Надо было чем-то занять девчонку. Посадить ковры вязать вместе с рабынями? Там чисто женское общество… Нда, там никто русским не владеет. Не сильно разговоришься.

— Ань, мысль мне тут пришла, — оторвавшись на пару часов от артиллерии Андрей Юрьевич решил всё же жене дело найти, — Ты же латынь знаешь?

— Знаю, — сидит чего-то рисует стилом на глиняной табличке и куксится.

— У меня, помнишь же, два оболтуса из Царьграда сейчас часы изобретают.

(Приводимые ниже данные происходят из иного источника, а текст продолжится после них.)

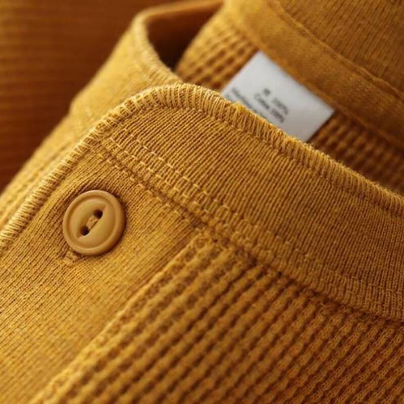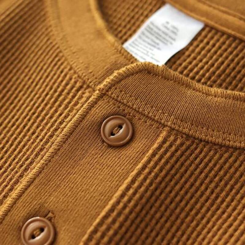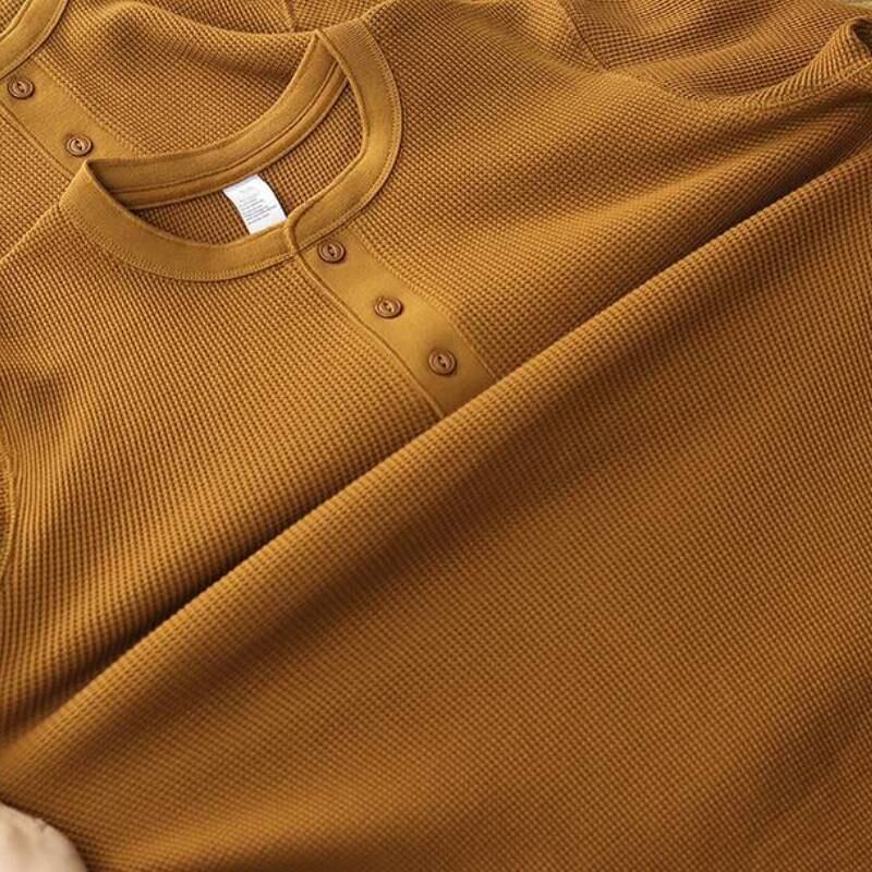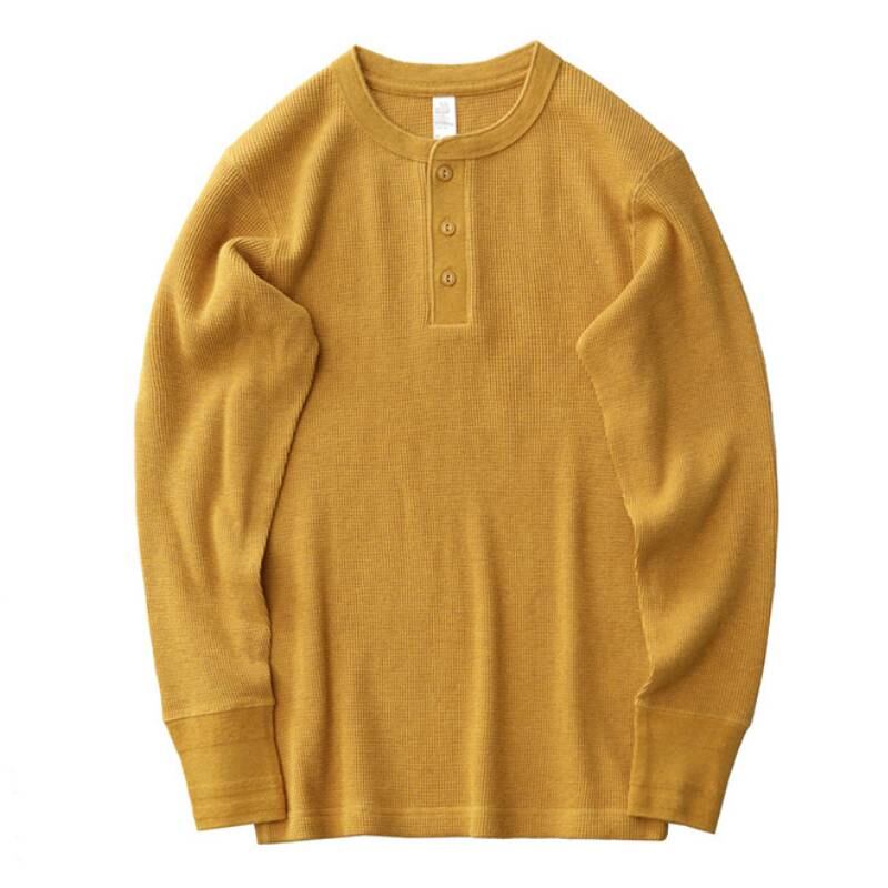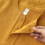 使い勝手の良いヘンリーネックのロングスリーブTシャツ。

Не хочешь к ним присоединиться?

— Они рабы?

— Рабы? Нет. Они учёные. Монахи. И с ними ещё рясофор Егорий. Он русский знает. Ты включись с ними в работу. Пусть они тебе всё объясняют.

— Так всё равно не вместно одной с тремя мужчинами…

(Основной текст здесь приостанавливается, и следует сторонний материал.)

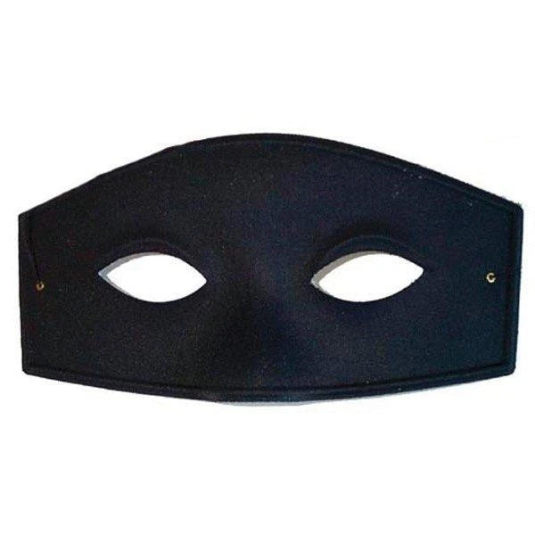 Plain black Zorro style masquerade mask with elastic

— Да, не вопрос. У тебя же две напарницы есть. С ними там будь. Пусть они в уголке сидят и честь твою блюдут. Зато общаясь с этой троицей, ты и греческий выучишь, и математику, и механику, и астрономию.

— Зачем мне это? — фыркнула пигалица, — Я — княгиня.

— Да я им кучу золота плачу за работу, а они может там сидят лясы точат и не работают, разорят. Вот, а если ты рядом будешь сидеть, то они отвлекаться не будут и быстро часы изобретут. Мы начнём для всего мира изготавливать часы башенные и станем очень богатые. Вся посуда будет золотая, а ты будешь вся в шелках и парче ходить и лалами сверкать.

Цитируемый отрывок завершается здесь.